Bringing you monthly news of key developments in intellectual property law.
TRADE MARKS
Sunrider Corporation v Vitasoy International Holdings Limited (High Court)
The High Court has granted in part an appeal by the proprietor of the mark VITALITE, registered for nutritional drinks and preparations for making such drinks, which was invalidated on the application of the proprietor of the mark VITA, registered for fruit drinks. The judge held that the registration should be reinstated in respect of herbal drinks, because, despite being specified in the same class in the two specifications, herbal drinks are not similar to juice drinks.
For the full judgment in this case, click here.
Adam Opel AG v Autec AG (European Court of Justice)
The ECJ has held that use of a manufacturer’s registered trade mark on a toy replica of the manufacturer’s product, where the manufacturer’s trade mark specification included toys, constitutes trade mark infringement under Article 5(1)(a) of the Trade Marks Directive if such use is liable to affect the mark’s function as a mark registered for toys. It also held that such use could also be prevented under Article 5(2) of the Directive if it is detrimental to the distinctive character or repute of the manufacturer’s trade mark. Such use is not permitted under Article 6(1)(b) of the Directive as indicating characteristics of the scale models.

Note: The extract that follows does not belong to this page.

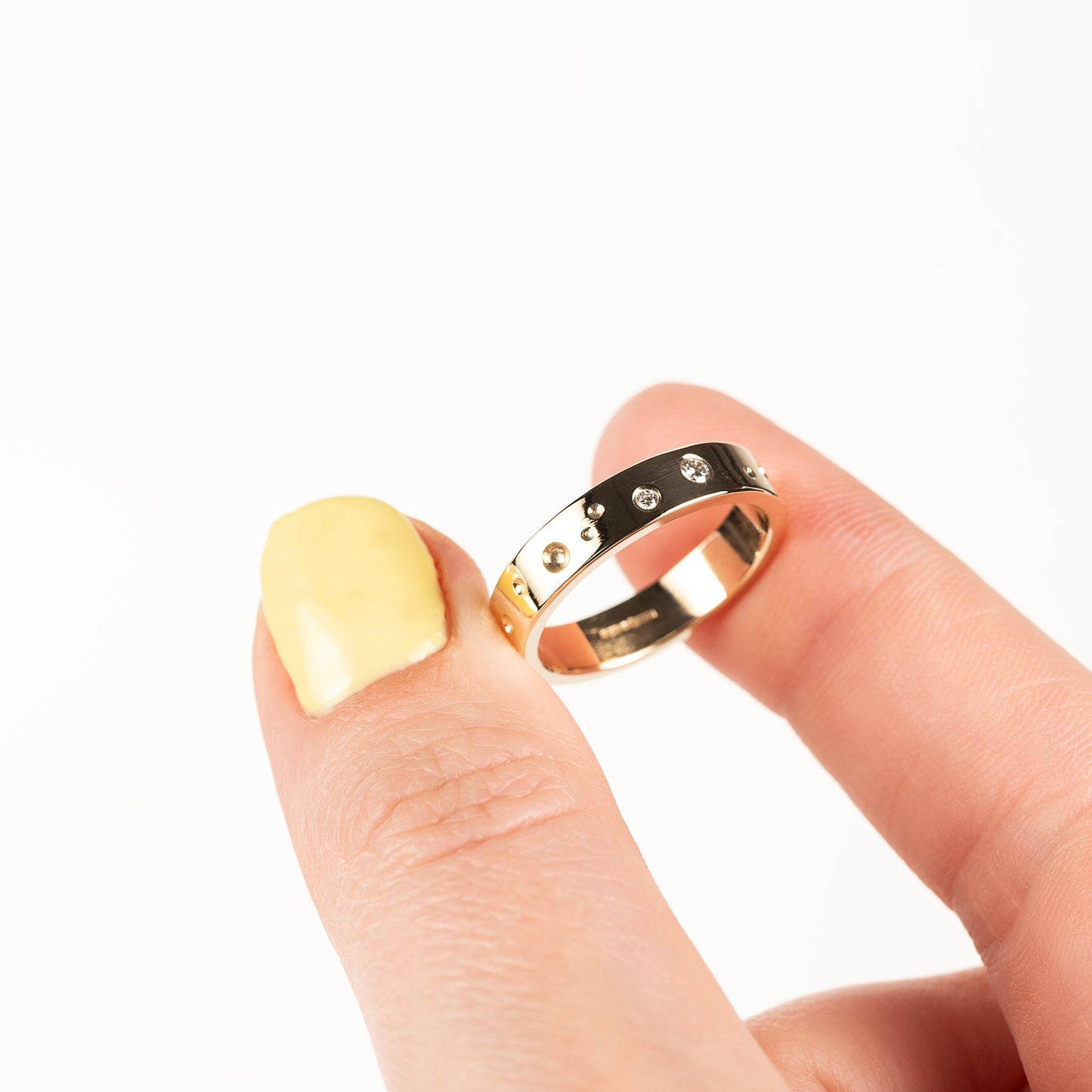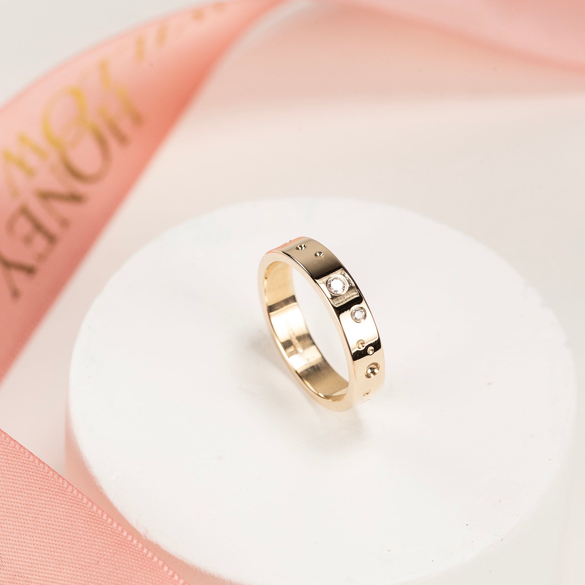 Celebrate her loved ones with a 9kt gold ring symbolising happiness and celebration.  Handmade with lab-grown diamonds for loved ones and a pattern reminiscent of bubbles, which signify joy and living in the moment.

For the full judgment in this case, click here.
Anheuser-Busch Inc v Portugal (European Court of Human Rights)
The Grand Chamber of the European Court of Human Rights (ECHR) held that a trade mark application, like a trade mark, is a ‘possession’ under Article 1 of the First Protocol to the European Convention on Human Rights. The decision recognises the inherent value in a trade mark application and may be relied upon by those seeking to persuade national courts that Article 1 can be used to protect IP rights.
For the full judgment in this case, click here.
Dyson Limited v Registrar of Trade Marks (European Court of Justice)
The ECJ has ruled against Dyson’s application to register the transparent “bin” which forms part of its vacuum cleaner as a trade mark. There was no sign which was capable of being a trade mark under Article 2 of the Trade Marks Directive. The ECJ did not think it necessary to answer the questions referred by the English court relating to circumstances where a non distinctive mark may have acquired distinctiveness (Article 3(3) of the Directive).